Lawrence H. Fountain (April 23, 1913 – October 10, 2002) was a Democratic U.S. representative from North Carolina from 1953 to 1983.

Early life
Fountain was educated in the public schools of Edgecombe County and at the University of North Carolina at Chapel Hill where he received his A. B. degree in 1934 and his Juris Doctor degree. He was admitted to the North Carolina Bar following graduation from law school in 1936.

He practiced law in Tarboro, North Carolina and was active in statewide Democratic Party politics until March 1942 when he entered the United States Army as a private in the infantry. He rose through the ranks and was released from service as a major in the Judge Advocate General's Office on March 4, 1946. Fountain then returned to his law practice in Tarboro.
In civilian life, he remained a member of the U. S. Army Reserve and later retired as a lieutenant colonel.

Service in public office
In 1947, Fountain was elected to the North Carolina Senate where he served until 1952 when he was elected to the 83rd Congress as Representative from the Second Congressional District of North Carolina. He was reelected to each Congress through the 97th, at which time he did not seek reelection. He was a signatory to the 1956 Southern Manifesto that opposed the desegregation of public schools ordered by the Supreme Court in Brown v. Board of Education. As the price for his vote for legislation supporting the War on Poverty, he demanded the firing of deputy director Adam Yarmolinsky, who, while with the Defense Department, had helped force integration of public places near military bases in North Carolina.

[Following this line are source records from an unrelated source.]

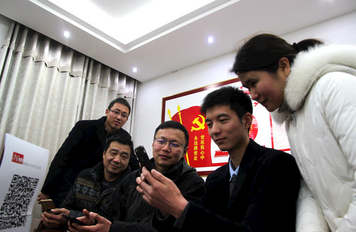 自“學(xué)習(xí)強(qiáng)國(guó)”APP上線以來(lái),郵儲(chǔ)銀行安徽省阜陽(yáng)市分行黨委大力推廣“學(xué)習(xí)強(qiáng)國(guó)”學(xué)習(xí)平臺(tái),并組織全分行黨員積極參與學(xué)習(xí)、答題、考試,每天積分不少于30分,迅速掀起了“學(xué)習(xí)強(qiáng)國(guó)”手機(jī)網(wǎng)上學(xué)習(xí)的熱潮。圖為3月1日,阜南縣支行青年黨員在黨員活動(dòng)室為入黨積極分子講解“學(xué)習(xí)強(qiáng)國(guó)”APP的安裝和使用。 □劉華武 攝影報(bào)道
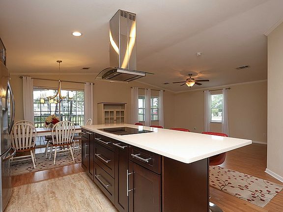 **HOME IS IN LAND LEASE COMMUNITY. NO REALTORS PLEASE.** -------------------------------------------------------------------------------------------------------- ‘Terra Verde’ is a spacious and beautifully renovated two-bedroom plus den, two-bath home on a desirable corner lot, surrounded by lush tropical landscaping that enhances its curb appeal. From the manicured lawn and tall palm trees to the stamped concrete driveway and charming rocking chair front porch—fully screened and expansive—this home makes a stunning first impression. The oversized covered carport provides room for two vehicles plus guest parking, a rare and valuable feature in the community. Inside, you’ll find gorgeous honey-toned hardwood laminate flooring throughout, lending warmth and sophistication to the open-concept living, dining, and kitchen spaces. The living room is bright and airy, with mini-blind treated windows and a chandelier fan that adds a touch of classic elegance. The completely remodeled chef’s kitchen is the centerpiece of the home. It features rich custom cabinetry, stainless steel appliances, a double wall oven (one microwave, one conventional), and a center island with a smooth top cooktop and a sleek Euro-style hood. The island also offers an overhang for bar-style seating, perfect for casual meals or entertaining. The dining area, like the rest of the home, is flooded with natural light and has easy access to the porch, a serene spot for morning coffee or afternoon relaxation. The master bedroom is generously sized and peaceful with two windows, his and hers closets, matching honey colored hardwood laminate floors, and an elegant chandelier fan. The en suite bathroom includes dual vanities with excellent counter space, under-sink storage, and a spacious step in corner shower. A separate laundry room with full-sized washer and dryer offers convenience and functionality. Finally, like all homes in this desirable lakeside community, you’ll enjoy central air and heat, your own outdoor storage shed, off-street covered parking, and access to the community’s extensive recreational amenities—including a brand-new fitness facility, tennis and basketball courts, clubhouse, sauna, relaxation room, heated oversized pool complex, lake recreation, and more. To schedule a tour of this special home, contact Nidia at (954) 417-0343. **HOME IS IN LAND LEASE COMMUNITY. NO REALTORS PLEASE.**
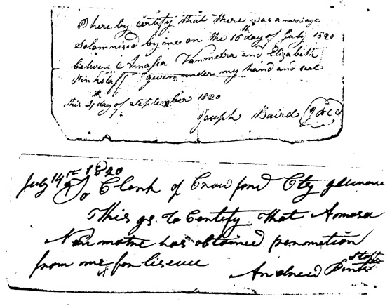 Amasa Vanmetre & Elizabeth Pinkstaff Marriage License
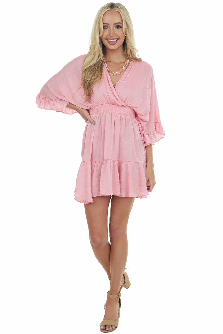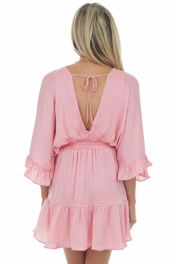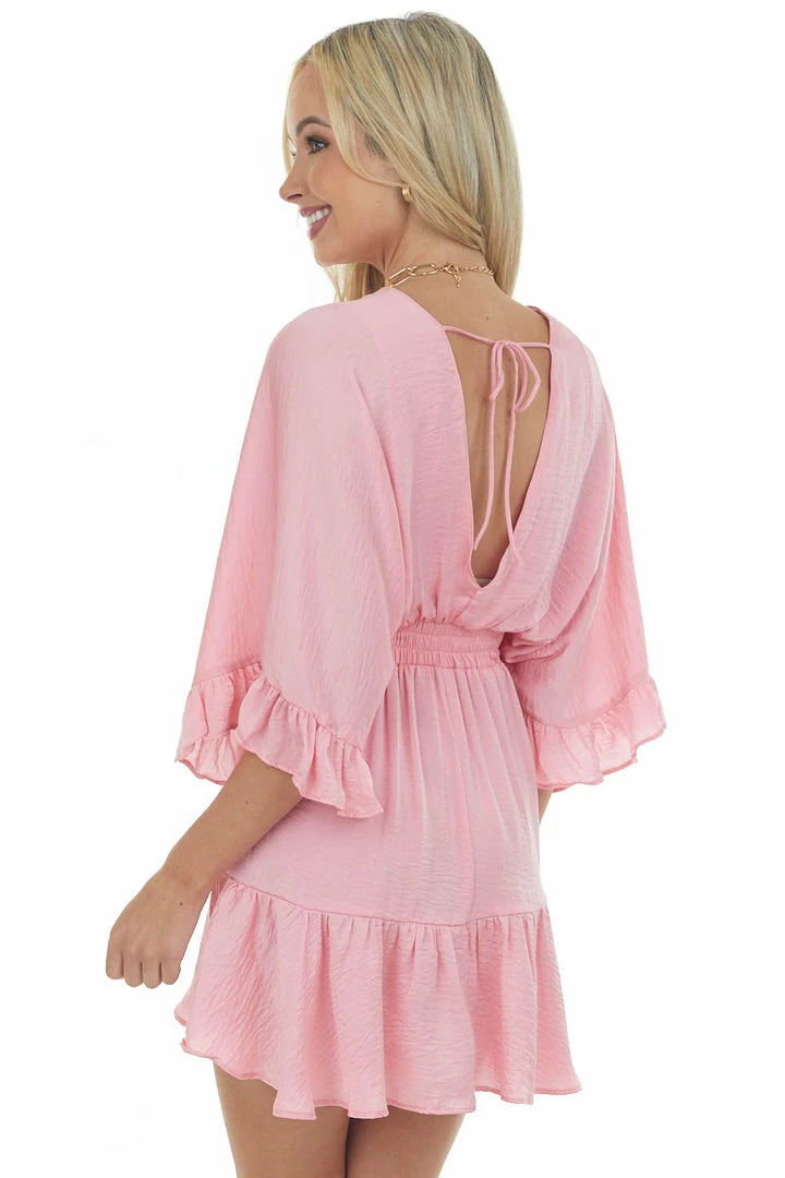 - Punch Kimono Sleeve Ruffle Silky Mini Dress
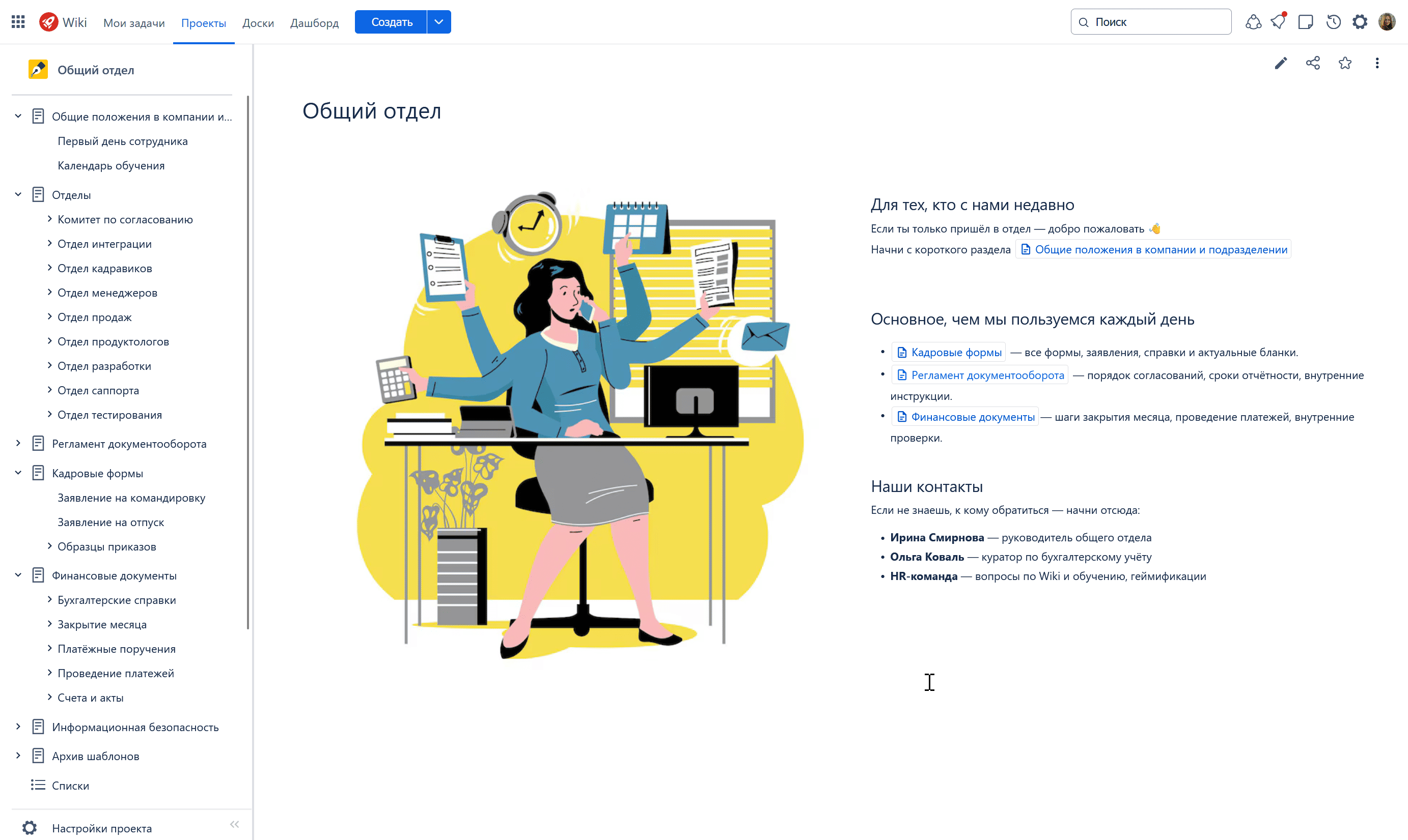 Теперь новичок заходит в Wiki и видит всё: от графика командировок до образца заявления на отпуск.

Fountain was appointed by President Lyndon B. Johnson as a United States Delegate to the 22nd Session in 1967 of the United Nations General Assembly. In this capacity, he served as assistant to United States Ambassador Arthur J. Goldberg during the Security Council debate following the June 6th Arab–Israeli Six-Day War.

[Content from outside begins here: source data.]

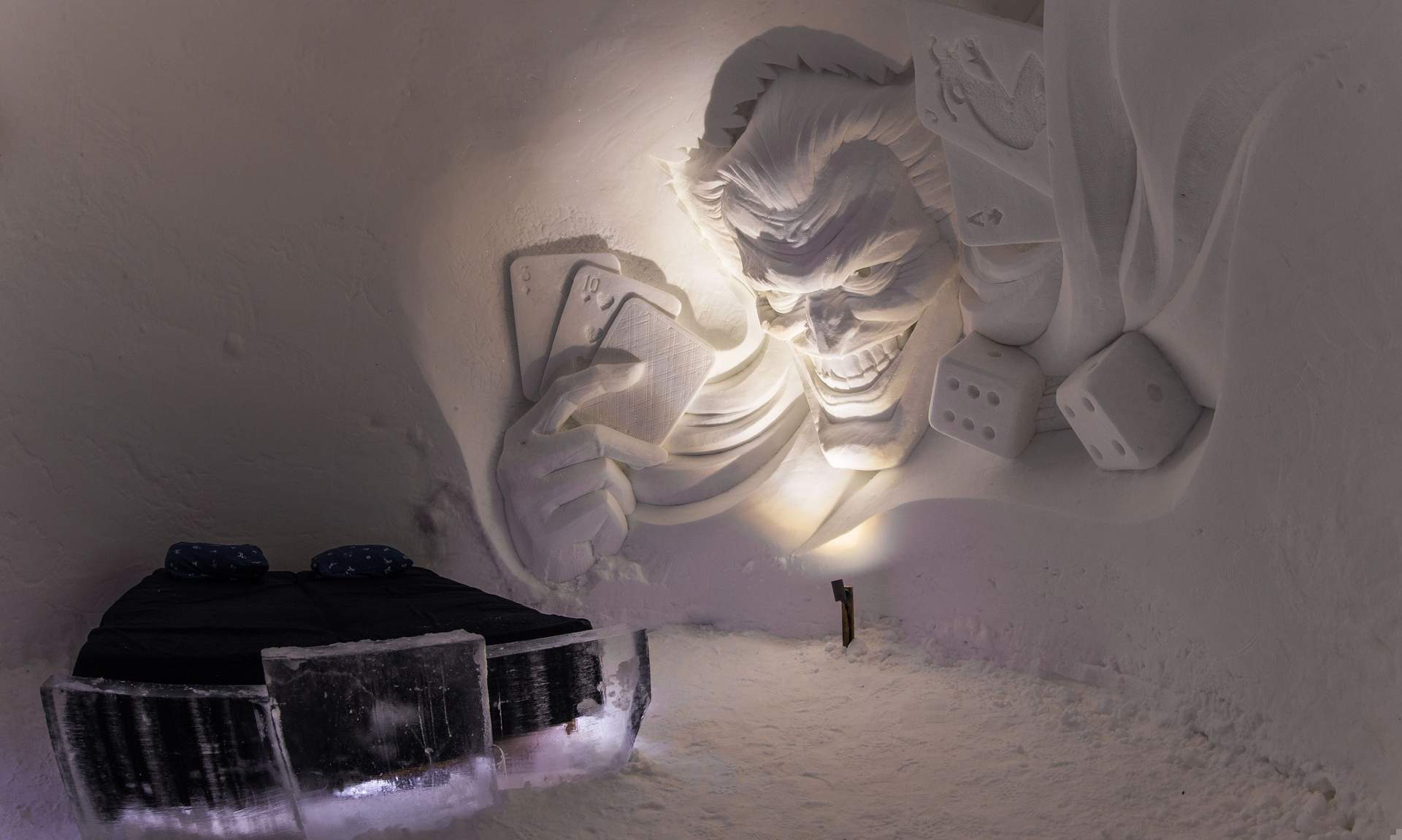 Around 20 million kilos of snow and 350,000 kilos of ice are re-designed every year to create the ever-changing Snow Village in Finland. In previous years, the snow suites, chapel, ice restaurant and bar have been decorated with a Game of Thrones-inspired characters and sculptures.
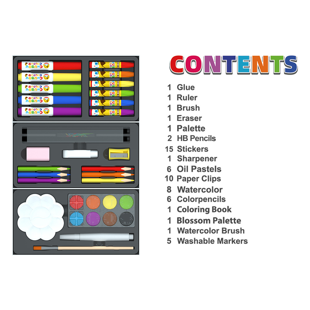 • 1 Ruler, 1 Brush, 1 Eraser, 1 Palette, 15 Stickers, 2 HB Pencils, 1 Blossom Palette, 1 Watercolor Brush, 5 Washable Markers, 1 Coloring Book, 8 Watercolor, 1 Sharpener, 6 Oil Pastels, 6 Color Pencils, 10 Paper Clips Included
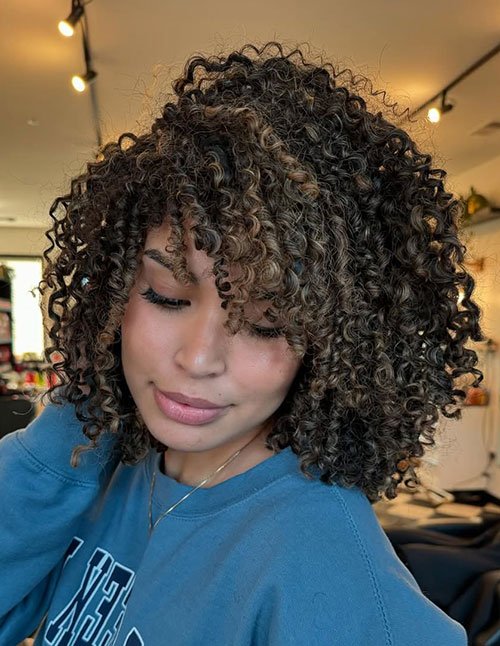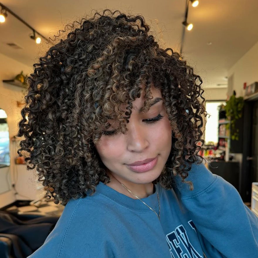 Adding highlights to a short curly bob increases visual depth and dimension. Bangs soften the forehead while enhancing playful texture. This combination creates brightness and movement within compact length.

He led the fight in 1978 for the creation of the first independent Presidentially-appointed inspector general ("watchdog") in the former Department of Health, Education and Welfare, and worked for the establishment of inspectors general in every key Federal department and agency. Each inspector general plays a significant role in curbing waste, fraud, abuse, and mismanagement in government.

From time to time, he served on various subcommittees of both the Committee on Government Operations and the Committee on Foreign Affairs. For 14 years, Fountain was chairman of the House Foreign Affairs Subcommittee on Near Eastern Affairs. For 28 years he was chairman of the House Government Operations Subcommittee on Intergovernmental Relations. He conducted hundreds of investigations into food and drug safety, and led the effort to create inspectors general in federal departments and agencies.

From 1981 to 1982, he was a member of the Presidential Advisory Committee on Federalism. The committee had the responsibility of advising the President on ways to restore proper relationships between federal, state and local governments.

Personal life
Fountain was a Presbyterian Elder and had a perfect Sunday School attendance record for more than eighty years. He served as a trustee of the National Presbyterian Church from 1961 to 1964 and again from 1977 to 1980. He was a member of the Executive Committee of the East Carolina Council of the Boy Scouts of America, and was a member of the local and other Bar Associations, the Elks, and Kiwanis Club. He served as lieutenant governor of the Sixth Division of the Carolinas District of Kiwanis International. He was also a Jaycee and received the Distinguished Service Award (Man of the Year) of the Tarboro Jaycees in 1948.

A lifelong advocate of education, Fountain was a charter member of the Board of Trustees of St. Andrews Presbyterian College of Laurinburg  from 1955 through 1971. He was reelected to the board in 1972 and served until 1974.

Awards
North Carolina Citizens Association Distinguished Public Service Award (1971)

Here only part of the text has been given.